I am grateful because I was able to work with this dataset that has information about one of my passions which is soccer. This dataset contains information about the most important competition in the beautiful game when it comes to clubs. The UEFA Champions League features the best teams in Europe, and it is, after the World Cup, the greatest trophy that a footballer can aspire to. This dataset contains two categorical variables like Club and Country, and ten quantitative variables that include results of matches (wins, draws, losses), goals scored and scored against, as well as titles. Using the information of every club, I would like to answer questions regarding the title win rates and the game win rates that some teams have. Since there are many teams in this dataset, I will perform cleaning by filtering the information. Also, in order to create visualizations about the win rates, it is imperative to create new variables using the “mutate” command. Once again, this data has been collected year by year by UEFA. Each season, it can be calculated the goals, games, and more information about the teams that play in the Champions League. I will attempt to provide historical information about the teams that have participated in the Champions League throughout the years, including win rate percentages and classify them by the country they are from.

Why did I choose this dataset?

Like I mention before, soccer is one of my passions. I follow closely European and South American soccer because I enjoy to watch and play this beautiful game. I have had the opportunity to watch a Champions League game before in person and it is an undescribable feeling for any soccer fan.
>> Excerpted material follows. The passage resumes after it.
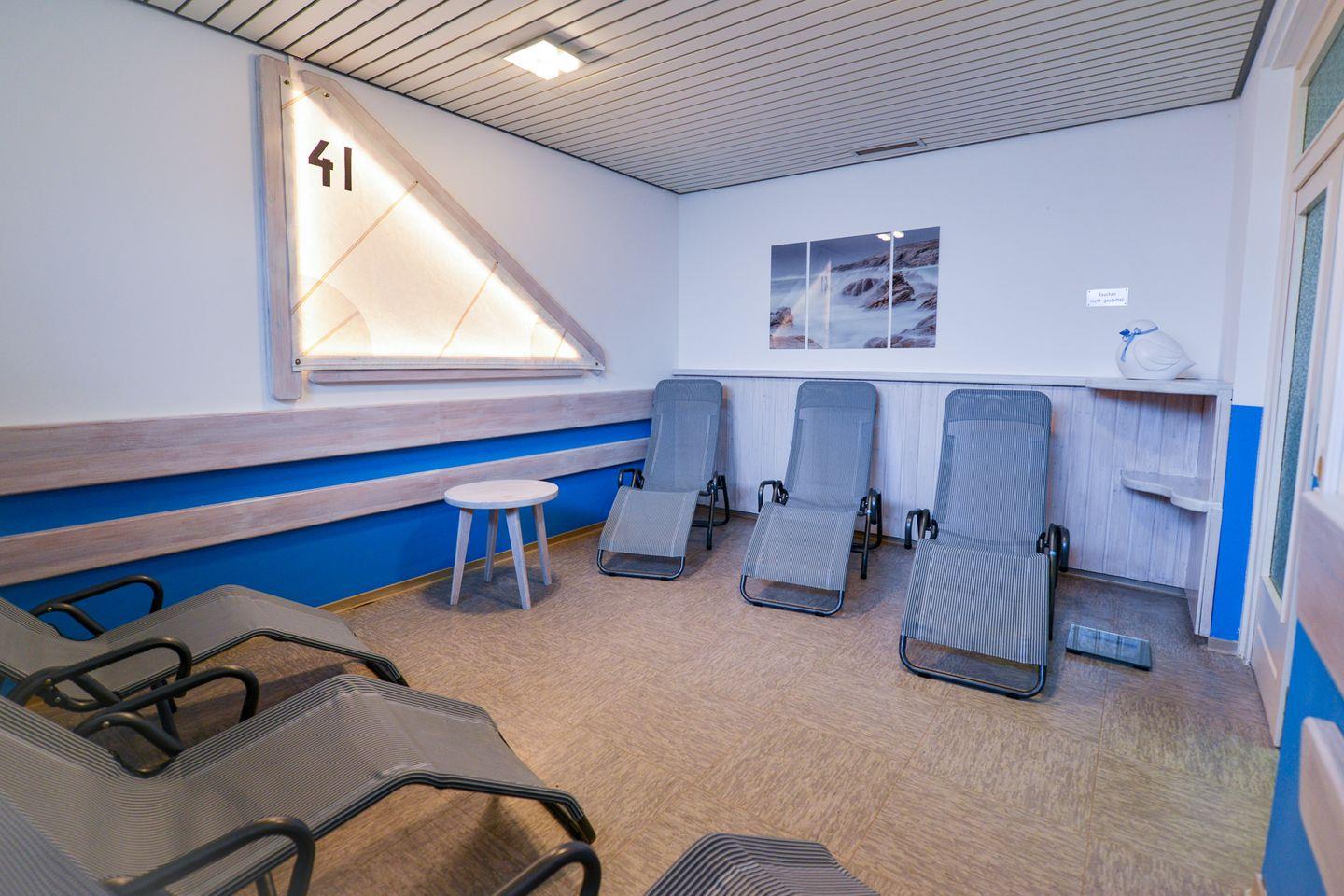 Highlight: Große gemeinschaftliche Dachterrasse mit Seesicht, zwei Strandkörben und zwei Bänken. Im Haus: Wellnessbereich mit 29?°C warmem Schwimmbad, Gegenstromanlage, Sauna, Dampfbad und Ruheraum mit Zugang zum begrünten Außenhof.

I believe that this dataset is very complete when it comes to information about the teams, and conclusions can be made based on this data. I will try to do a better job for this project when explaining because I understand that not everyone may understand the concepts that are talked about in this visualizations. Therefore, I would like to explain a few concepts to begin with. UCL is the abbreviation of UEFA Champions League which is the competition that we will be discussing. Titles refer to the number of championships that a team has won. Finally, I would like to remind everyone that the 32-team format that the Champions League is played now has not always been the same. Before, less teams used to participate in this tournament, making it different to qualify and win it.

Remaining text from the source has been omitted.